Most people fixate on what a property costs or how much they can write off. But the placed-in-service date — when the IRS considers a property ready and available for use — plays a crucial role in determining bonus depreciation eligibility for cost segregation studies.

And as bonus depreciation continues to phase out (or possibly bounce back), that timing has never been more important.

Why placed-in-service timing gets overlooked

The IRS defines “placed in service” as the moment a property is ready and available for its intended use.

For rentals, that means:

  • It’s available for move-in, and,
  • It’s listed or actively being shown.

But in practice, this definition gets misapplied. Some real estate owners assume the closing date is enough. Others delay listing the property until after the new year, missing key depreciation opportunities.

And that gap between intent and readiness? That’s where deductions quietly slip away.

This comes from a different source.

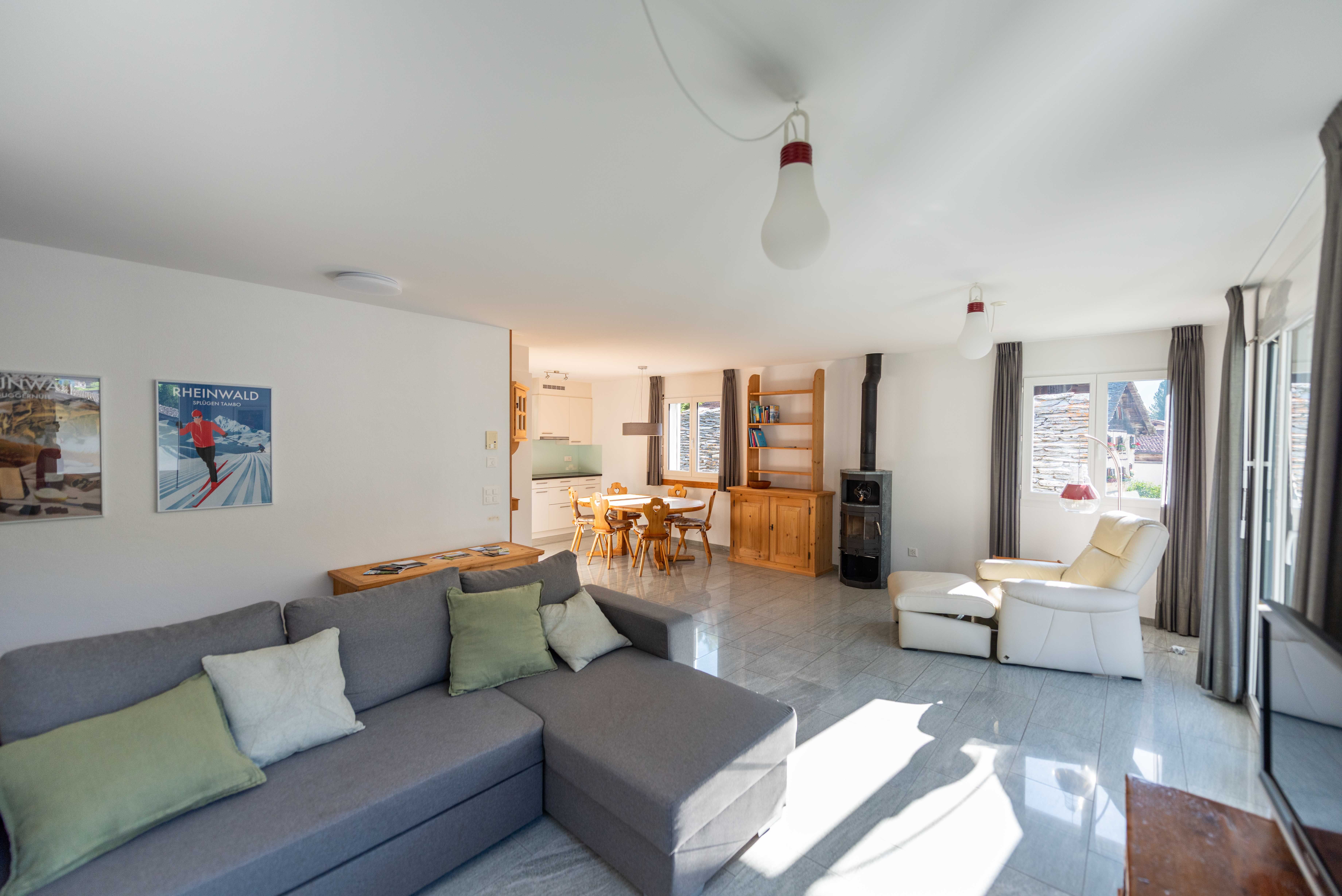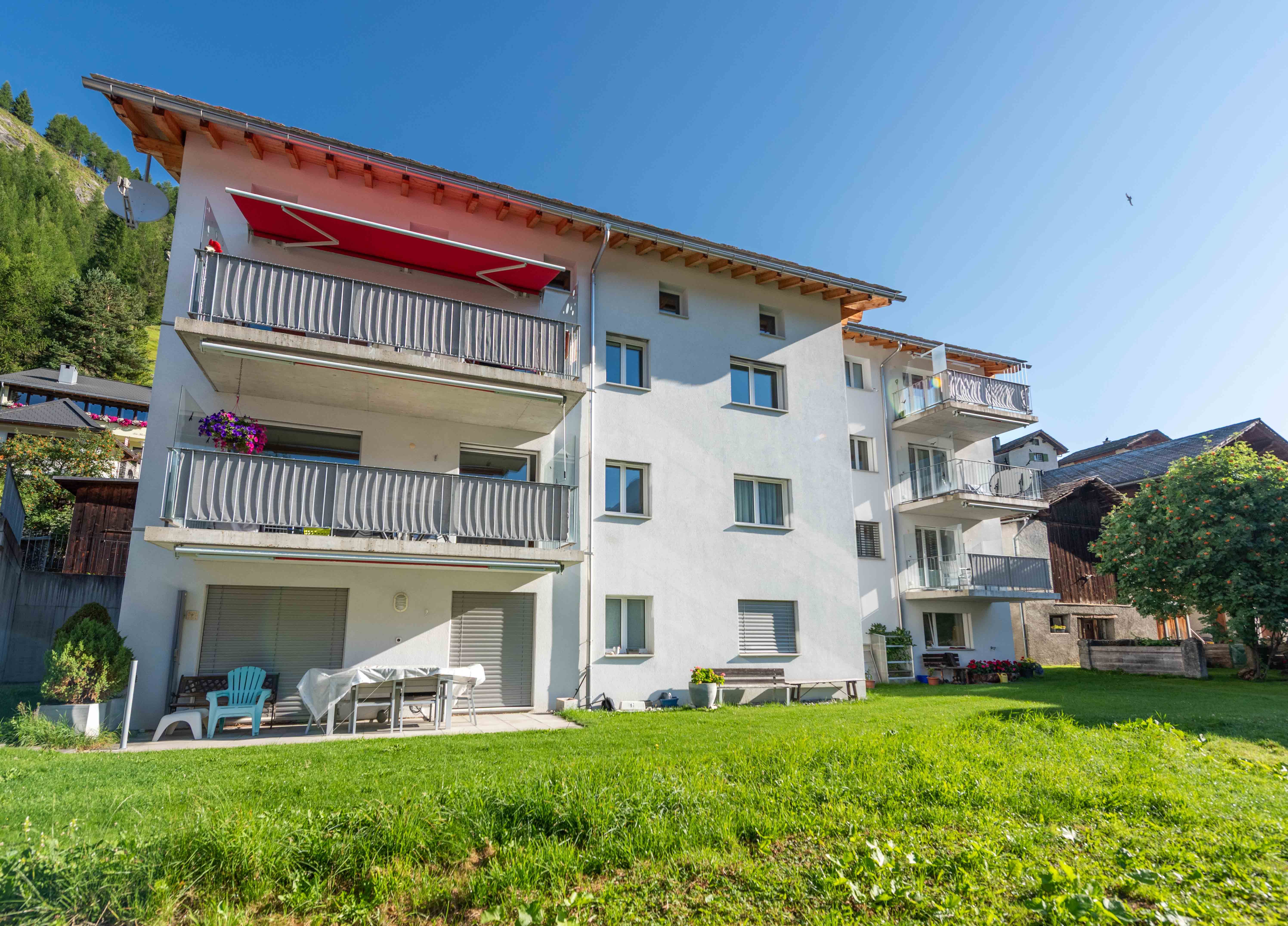 Freistehendes Haus an zentraler Lage mit Parkplatz. Das Haus befindet sich zwei Gehminuten von der Postautohaltestelle und gegenüber von der Metzgerei. Ebenfalls in unmittelbarer Nähe befinden sich die Sennerei, Bäckerei und der Volg. Auch der historische Dorfkern ist sehr nahe gelegen.

Bonus depreciation: The clock is ticking

Under current law, bonus depreciation is tapering fast:

  • 2024: 60%
  • 2025: 40%
  • 2026: 20%
  • 2027: 0%

The difference between a property placed in service on December 31 versus January 2 can translate into tens of thousands in immediate deductions.

And just to make things more interesting — on May 9, the House Ways and Means Committee released a draft bill that would reinstate 100% bonus depreciation retroactive to Jan. 20, 2025. (The bill was passed last week by the House as part of the One Big Beautiful Bill and is now with the Senate.)

The result? Accountants now have to think in two timelines:

  • What the current rules say;
  • What Congress might say a few months from now.

It’s a tricky season to navigate — but also one where proactive advice carries real weight.

Typical scenarios where timing matters

Placed-in-service missteps don’t always show up on a tax return — but they quietly erode what could’ve been better results. Some common examples:

  • End-of-year closings where the property isn’t listed or rent-ready until January.
  • Short-term rentals delayed by renovation punch lists or permitting hang-ups.
  • Commercial buildings waiting on tenant improvements before becoming operational.

Each of these cases may involve a difference of just a few days — but that’s enough to miss a year’s bonus depreciation percentage.

Planning moves for the second half of the year

As Q3 and Q4 approach, here are a few moves worth making:

  • Confirm the service-readiness timeline with clients acquiring property in the second half of the year.
  • Educate on what “in service” really means — closing isn’t enough.
  • Create a checklist for documentation: utilities on, photos of rent-ready condition, listings or lease activity.
  • Track bonus depreciation eligibility relative to current and potential legislative shifts.

For properties acquired late in the year, encourage clients to fast-track final steps. The tax impact of being placed in service by December 31 versus January 2 is larger than most realize.

If the window closes, there’s still value

Even if a property misses bonus depreciation, cost segregation still creates long-term savings — especially for high-income earners.

Partial-year depreciation still applies, and in some cases, Form 3115 can allow for catch-up depreciation in future years. The strategy may shift, but the opportunity doesn’t disappear.

Placed-in-service dates don’t usually show up on investor spreadsheets. But they’re one of the most controllable levers in maximizing tax savings. For CPAs and advisors, helping clients navigate that timing correctly can deliver outsized results.

Because at the end of the day, smart tax planning isn’t just about what you buy — it’s about when you put it to work.